Records from a dataset:
┄┄┄┄┄┄
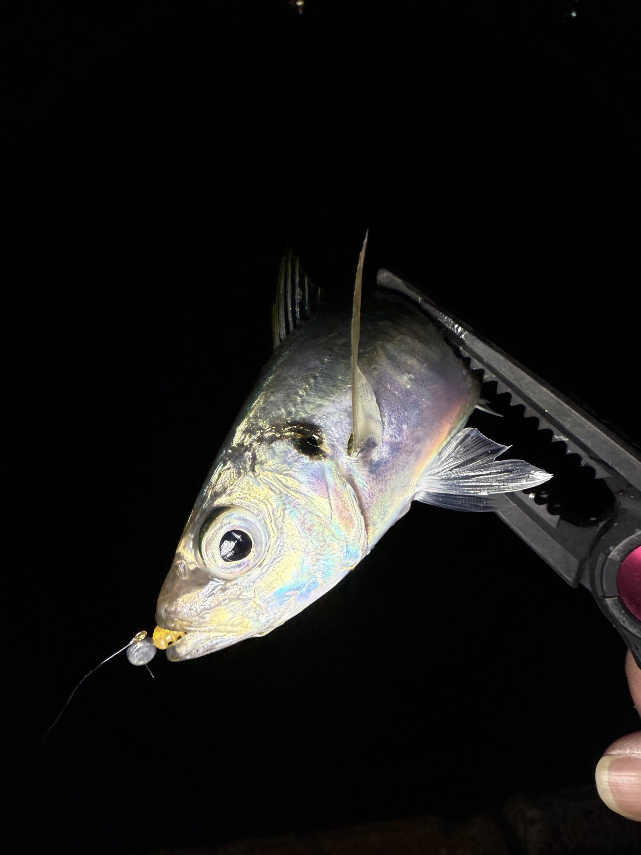しかしよく見ると,まさかのアジ!完全ラッキーでしたが何とか釣れひと安心。
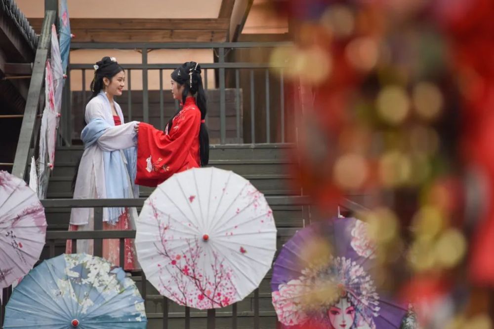 汉服爱好者在湖北荆州方特东方神画主题乐园游玩(图片来源 :视觉中国)
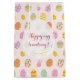 The sides and back of the bag feature a delightful hand-drawn watercolor gouache pattern of pastel-painted eggs in yellow, green, pink, and blue. Each egg is decorated with playful polka dots, zigzags, diagonal lines, and adorable Easter icons like carrots, rabbits, and chicks, set against a soft pastel pink background.
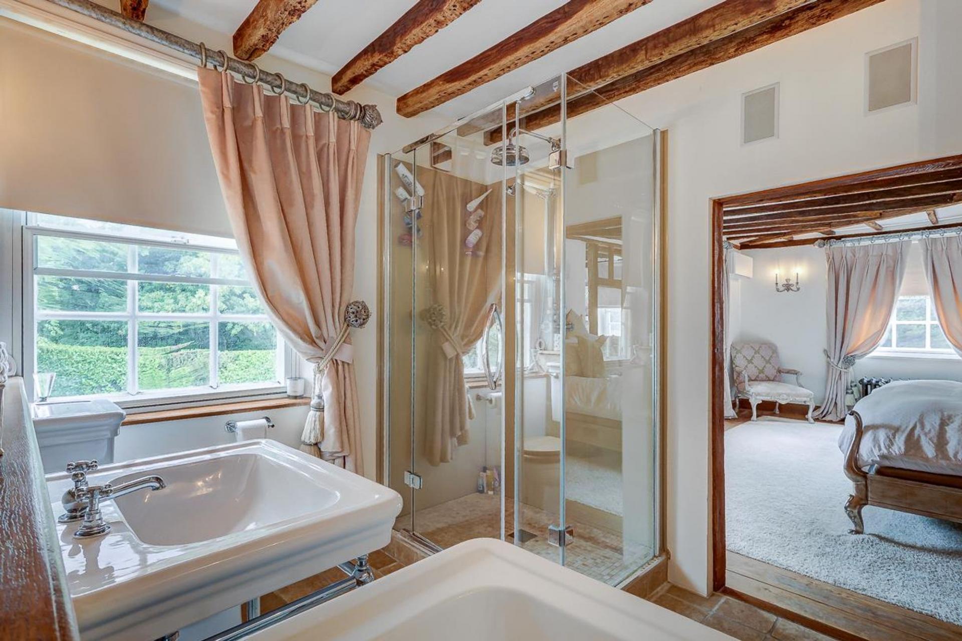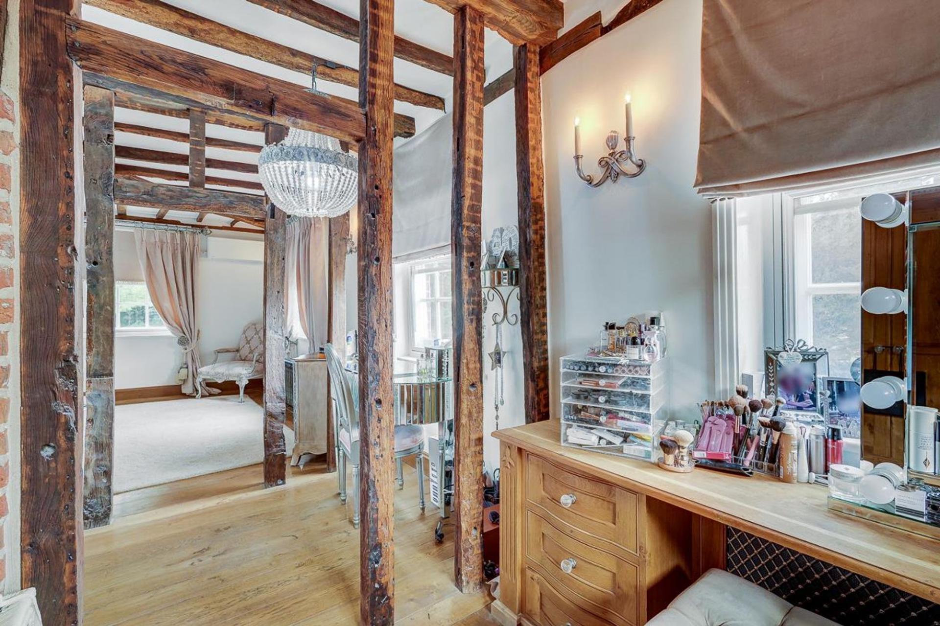 A solid oak staircase leads to the first-floor accommodation, where the principal bedroom suite enjoys a spacious dressing area and en-suite shower room. A further double bedroom with en-suite, an additional dressing room, and a main bathroom complete this level. The staircase continues to the second floor, where two more vaulted en-suite bedrooms are beautifully finished with exposed beams.
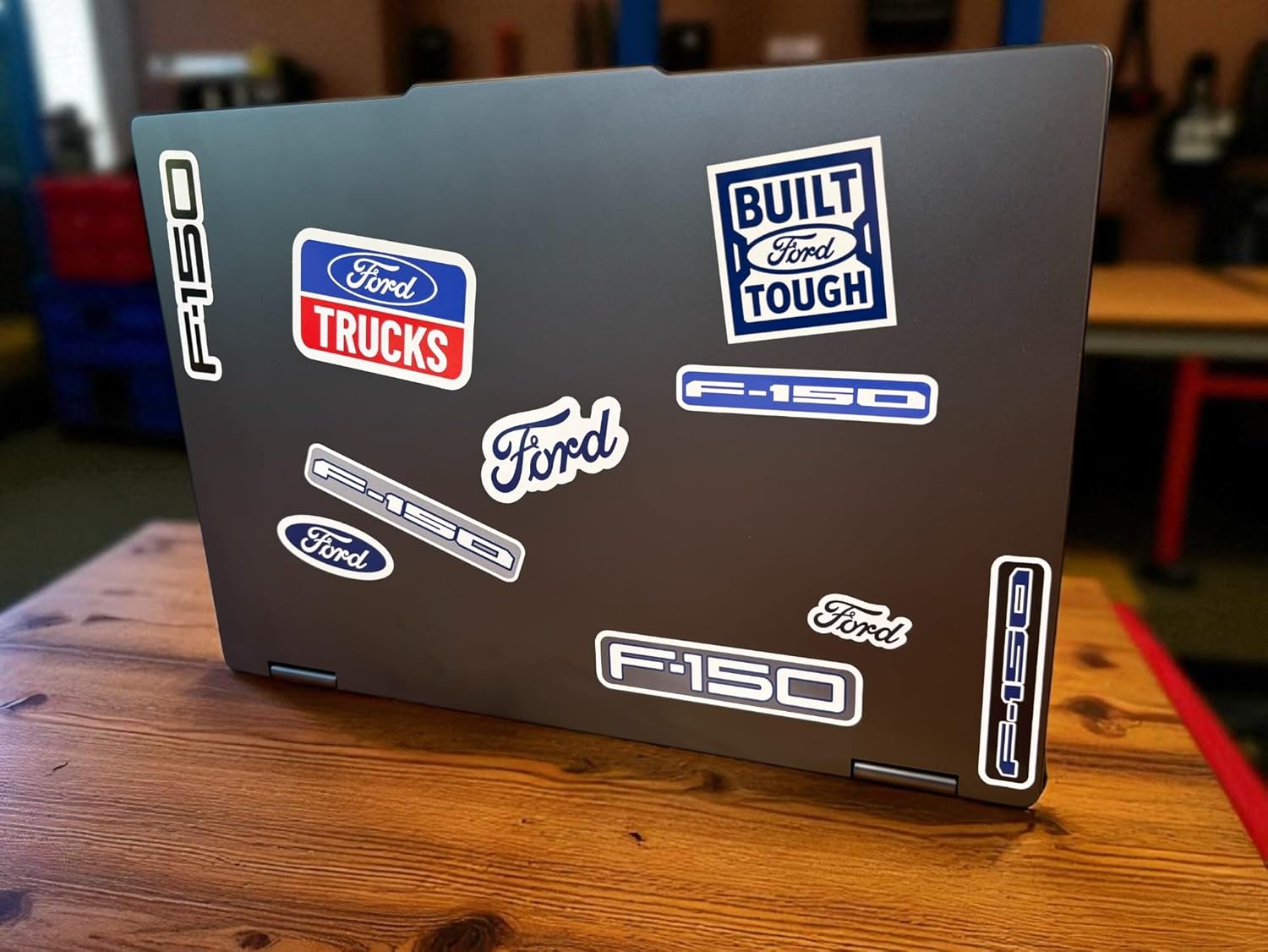 11 HIGH-QUALITY VINYL DECALS – A variety of Ford and F-150 logos, including Built Ford Tough designs, perfect for customizing gear or vehicles.
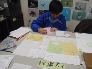 昨日はヤンマ団の活動日で、来月に迫った報告展の展示を作りました。 今年は一人一人が、大きな紙に展示を作ります。 ものすごい集中力で完成させた子、悩みながらなかなか進まなかった子、 おしゃべりに夢中になっていた子・・・・様々でしたが、なんとかみんな 目標としていたところまでは、終えることができました。
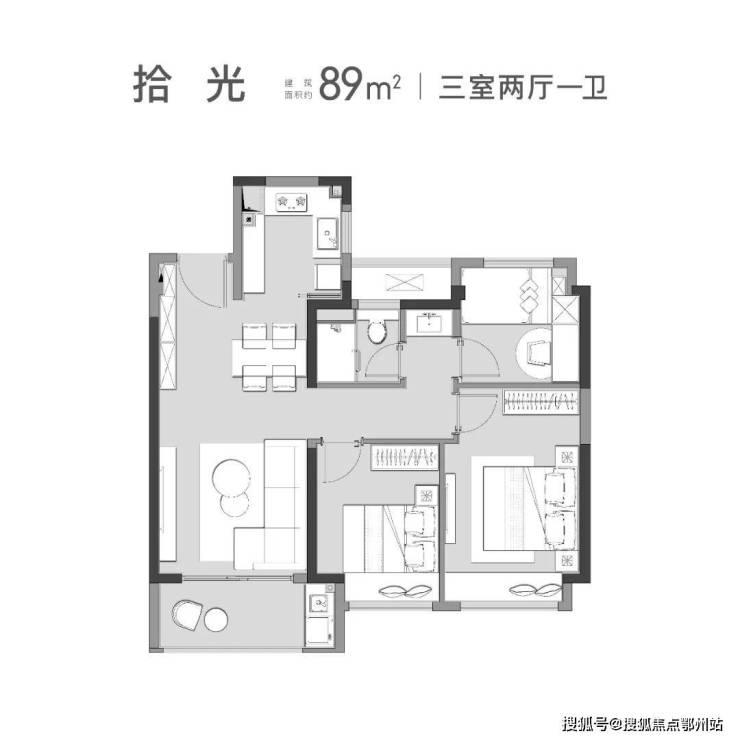 该户型建筑面积约89㎡,为三房两厅一卫一厨设计,整体户型方正,动静分区,作为子女婚房、或一孩家庭,都是比较合适的。
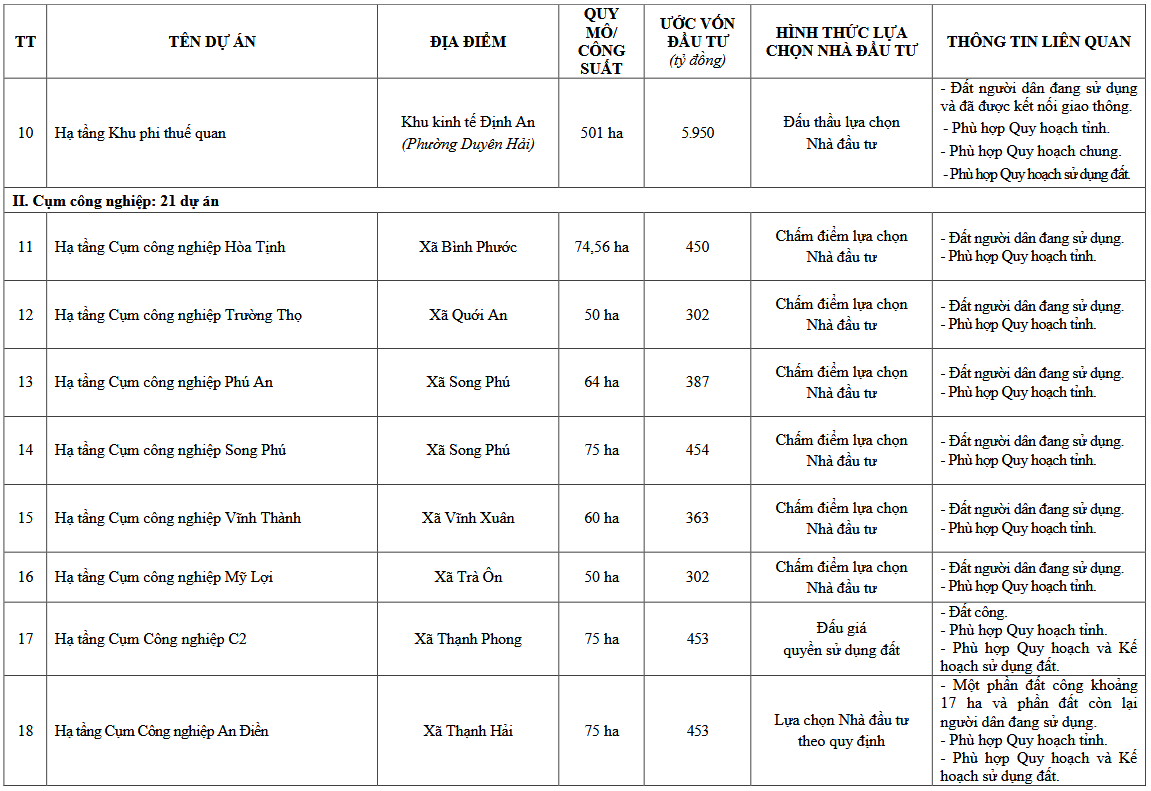 >>> Xem chi tiết: Danh mục 78 dự án trọng điểm mời gọi đầu tư tại Vĩnh Long giai đoạn 2025 2030
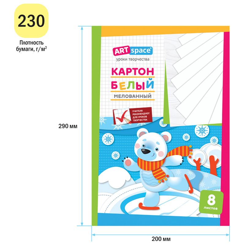Картон белый А4, ArtSpace, 8л., мелованный в папке
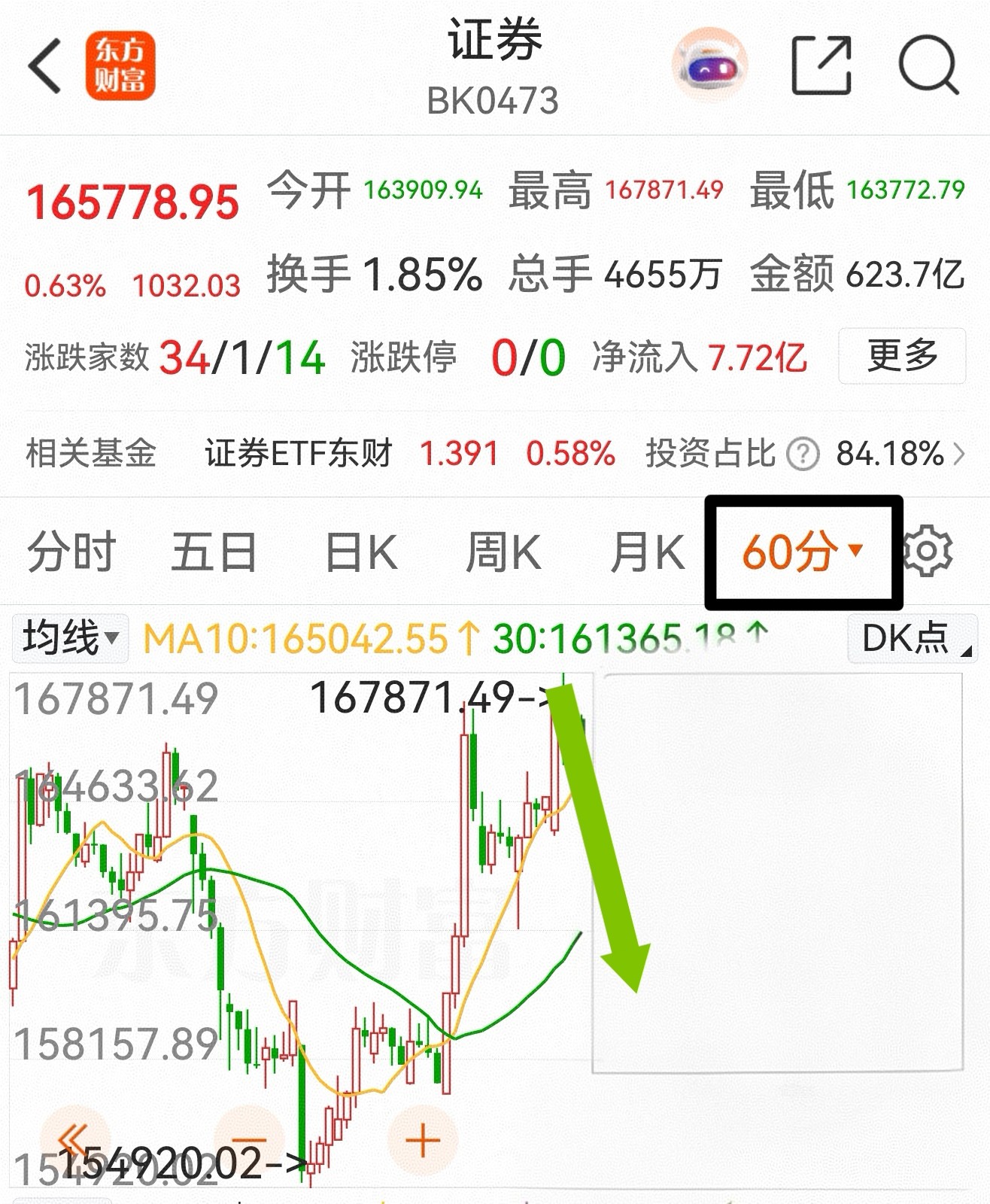 证券:预判板块指数60分钟K线回撤到30均线,再看会不会止跌。
┄┄┄┄┄┄
Required work:
Set all of the records down once more, letter for letter, with the images removed.

Reply to the task:
しかしよく見ると,まさかのアジ!完全ラッキーでしたが何とか釣れひと安心。
 汉服爱好者在湖北荆州方特东方神画主题乐园游玩(图片来源 :视觉中国)
 The sides and back of the bag feature a delightful hand-drawn watercolor gouache pattern of pastel-painted eggs in yellow, green, pink, and blue. Each egg is decorated with playful polka dots, zigzags, diagonal lines, and adorable Easter icons like carrots, rabbits, and chicks, set against a soft pastel pink background.
 A solid oak staircase leads to the first-floor accommodation, where the principal bedroom suite enjoys a spacious dressing area and en-suite shower room. A further double bedroom with en-suite, an additional dressing room, and a main bathroom complete this level. The staircase continues to the second floor, where two more vaulted en-suite bedrooms are beautifully finished with exposed beams.
 11 HIGH-QUALITY VINYL DECALS – A variety of Ford and F-150 logos, including Built Ford Tough designs, perfect for customizing gear or vehicles.
 昨日はヤンマ団の活動日で、来月に迫った報告展の展示を作りました。 今年は一人一人が、大きな紙に展示を作ります。 ものすごい集中力で完成させた子、悩みながらなかなか進まなかった子、 おしゃべりに夢中になっていた子・・・・様々でしたが、なんとかみんな 目標としていたところまでは、終えることができました。
 该户型建筑面积约89㎡,为三房两厅一卫一厨设计,整体户型方正,动静分区,作为子女婚房、或一孩家庭,都是比较合适的。
 >>> Xem chi tiết: Danh mục 78 dự án trọng điểm mời gọi đầu tư tại Vĩnh Long giai đoạn 2025 2030
Картон белый А4, ArtSpace, 8л., мелованный в папке
 证券:预判板块指数60分钟K线回撤到30均线,再看会不会止跌。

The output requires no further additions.